Study material:
- Opening Delimiter -

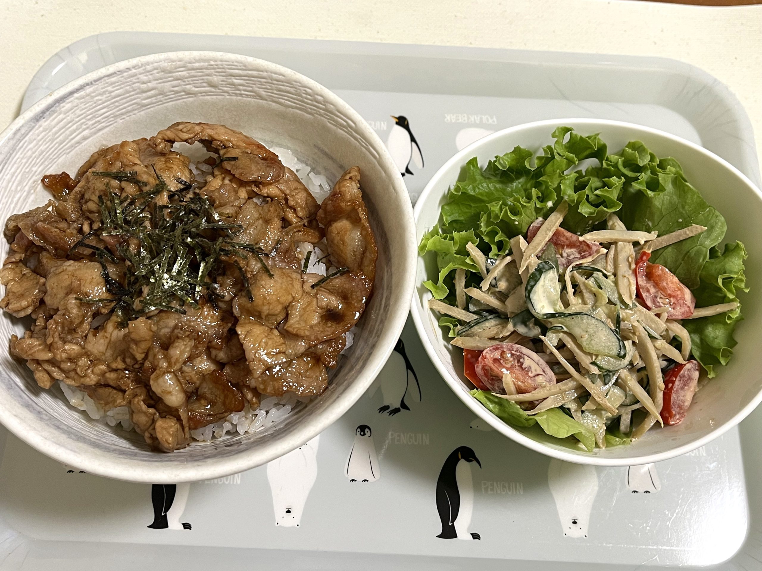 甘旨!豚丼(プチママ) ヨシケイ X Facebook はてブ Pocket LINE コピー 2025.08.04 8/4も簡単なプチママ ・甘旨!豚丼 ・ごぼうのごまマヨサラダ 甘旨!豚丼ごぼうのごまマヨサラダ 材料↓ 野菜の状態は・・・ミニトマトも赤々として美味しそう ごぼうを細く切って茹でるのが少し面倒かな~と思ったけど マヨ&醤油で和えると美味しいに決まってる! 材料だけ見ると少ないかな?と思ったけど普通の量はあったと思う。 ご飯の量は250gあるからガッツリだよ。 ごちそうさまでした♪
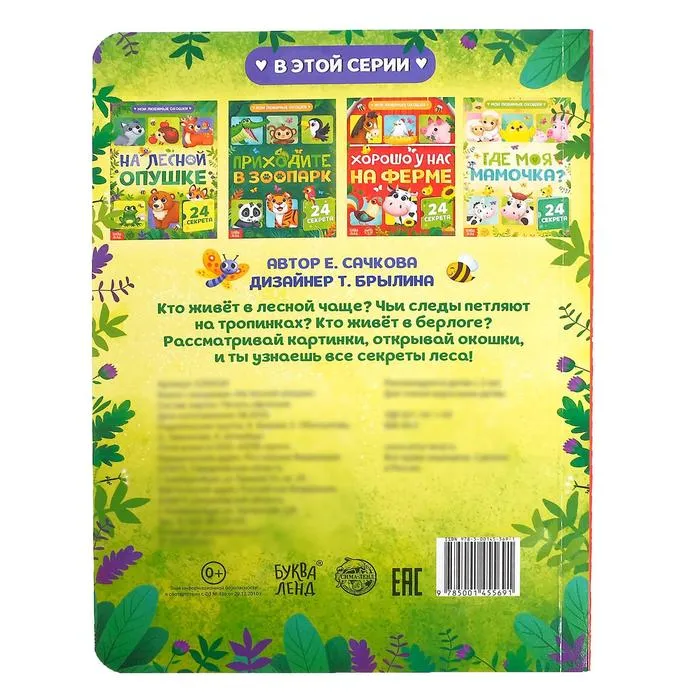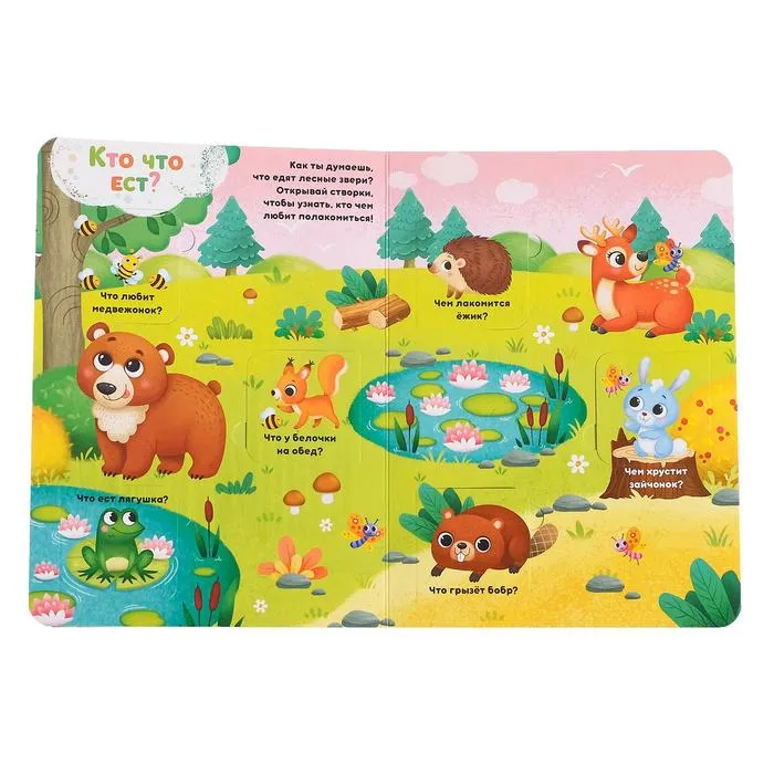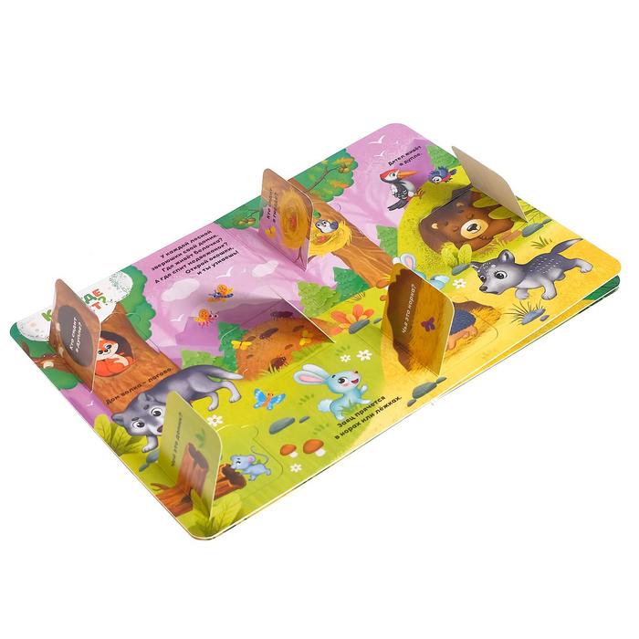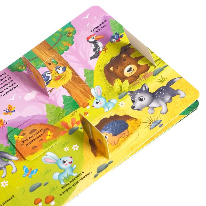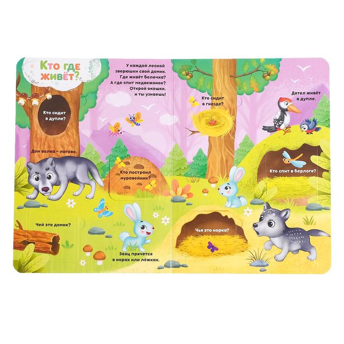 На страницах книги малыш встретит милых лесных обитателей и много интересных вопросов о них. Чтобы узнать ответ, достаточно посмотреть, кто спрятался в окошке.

- Closing Delimiter -
- Opening Delimiter -

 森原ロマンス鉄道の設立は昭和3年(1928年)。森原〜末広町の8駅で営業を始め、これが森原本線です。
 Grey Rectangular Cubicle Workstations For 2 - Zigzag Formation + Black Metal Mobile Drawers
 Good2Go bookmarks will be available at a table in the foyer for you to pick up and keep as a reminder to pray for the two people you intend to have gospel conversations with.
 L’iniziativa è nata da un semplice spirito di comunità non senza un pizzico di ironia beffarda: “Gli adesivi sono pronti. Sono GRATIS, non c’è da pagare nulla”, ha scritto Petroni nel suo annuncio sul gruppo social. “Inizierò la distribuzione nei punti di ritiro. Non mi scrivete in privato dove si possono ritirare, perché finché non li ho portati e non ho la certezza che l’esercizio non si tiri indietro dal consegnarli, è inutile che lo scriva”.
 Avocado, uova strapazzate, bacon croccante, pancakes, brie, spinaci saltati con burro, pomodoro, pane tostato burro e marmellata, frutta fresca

- Closing Delimiter -

Exercise requirements:
Repeat, character for character, the lines of the material above from the line with "L’iniziativa è nata" through the line with "Avocado, uova strapazzate, bacon".

Solution:
 L’iniziativa è nata da un semplice spirito di comunità non senza un pizzico di ironia beffarda: “Gli adesivi sono pronti. Sono GRATIS, non c’è da pagare nulla”, ha scritto Petroni nel suo annuncio sul gruppo social. “Inizierò la distribuzione nei punti di ritiro. Non mi scrivete in privato dove si possono ritirare, perché finché non li ho portati e non ho la certezza che l’esercizio non si tiri indietro dal consegnarli, è inutile che lo scriva”.
 Avocado, uova strapazzate, bacon croccante, pancakes, brie, spinaci saltati con burro, pomodoro, pane tostato burro e marmellata, frutta fresca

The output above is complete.